Bild: Ist das jetzt strafbar? Demo gegen AfD
Fürth taz | Tatort Fürther Fußgängerzone, Höhe Blumenstraße. Es ist der 1…
Oktober 2018, ein Tag vor der Landtags- und Bezirkstagswahl in Bayern. Ein
Mann, mittleres Alter, durchschnittliche Statur, wenig Haare nähert sich
dem Wahlkampf-Stand der [1][AfD]. Was dann passiert, dazu gibt es – grob
gesagt – drei Versionen.
Am Mittwoch sind sie Gegenstand einer Berufungsverhandlung am
Oberlandesgericht Nürnberg. Es geht um den Vorwurf des Verwendens von
Kennzeichen verfassungswidriger Organisationen. Genau gesagt: Darum, ob der
Angeklagte Alexander B. den Hitlergruß gezeigt hat.

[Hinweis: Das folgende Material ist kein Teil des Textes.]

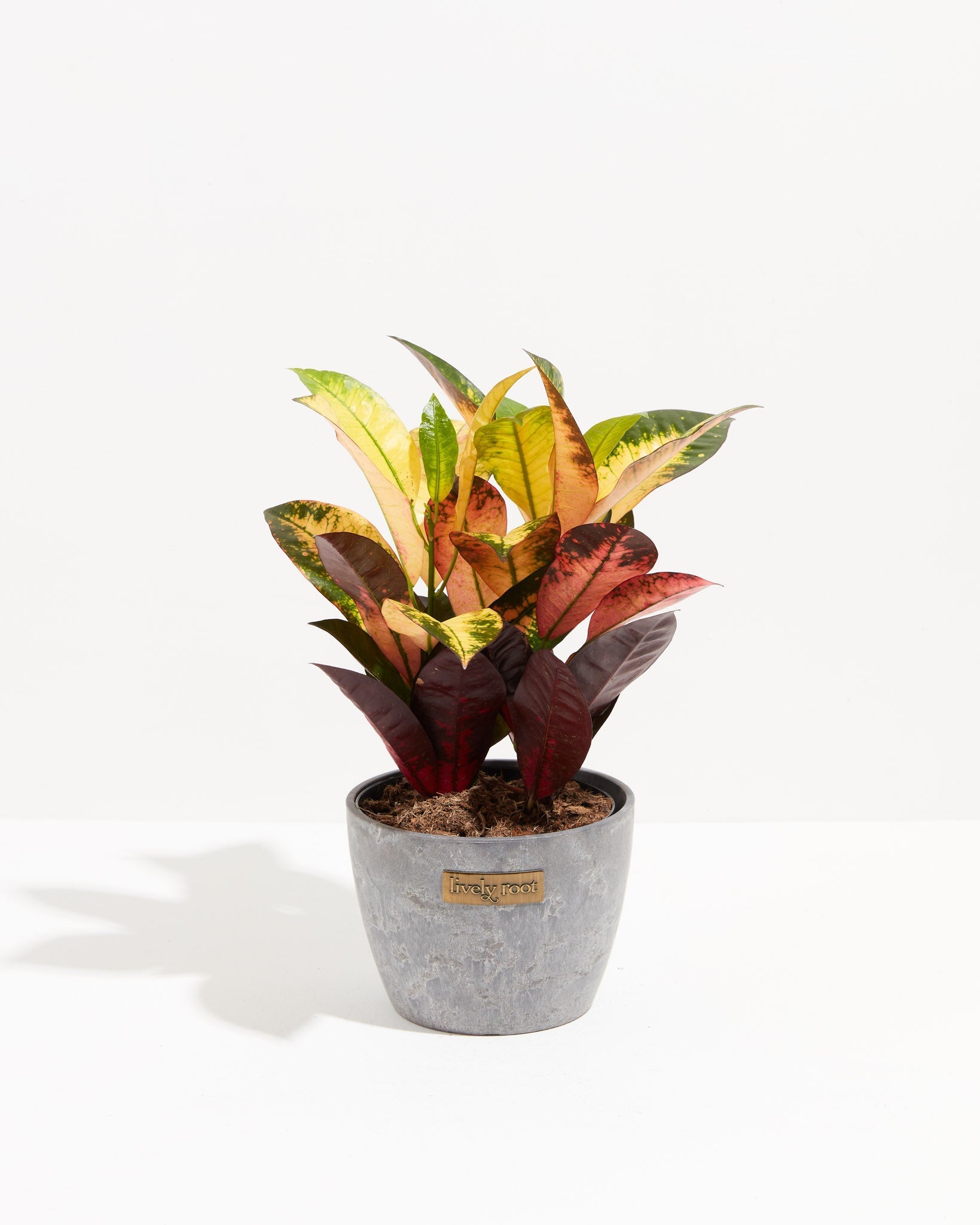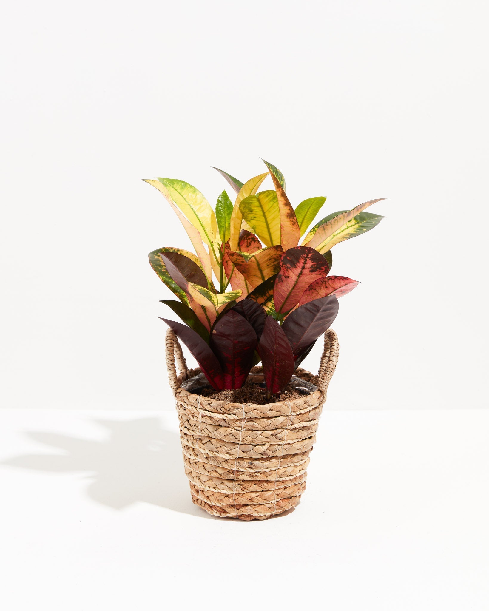 Give this Croton bright, indirect light to promote the intensity coloration of their leaves.
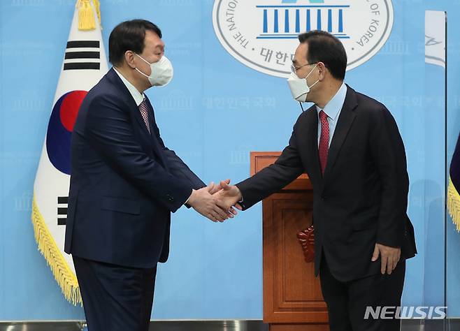 [서울=뉴시스] 최진석 기자 = 윤석열(왼쪽) 국민의힘 대선 경선 후보와 선거대책위원장으로 합류한 주호영 의원이 17일 오전 서울 여의도 국회 소통관에서 공동 기자회견을 갖고 악수하고 있다. (공동취재사진) 2021.10.17. photo@newsis.com

Das Skurrile daran: Der Angeklagte ist Kulturmanager und Pädagoge, hat als
solcher unter anderem am Dokumentationszentrum Reichsparteitagsgelände
gearbeitet und sich in verschiedenen Kontexten antifaschistisch engagiert.
Er steht nicht im Verdacht, ein Anhänger der AfD zu sein, ihre Präsenz
provoziert ihn.
[2][„Heilt Höcke!“] mit t, drei Mal, zu diesem Ausruf habe er sich
hinreißen lassen, sagt er selbst. Um, so steht es in der Erklärung, die B.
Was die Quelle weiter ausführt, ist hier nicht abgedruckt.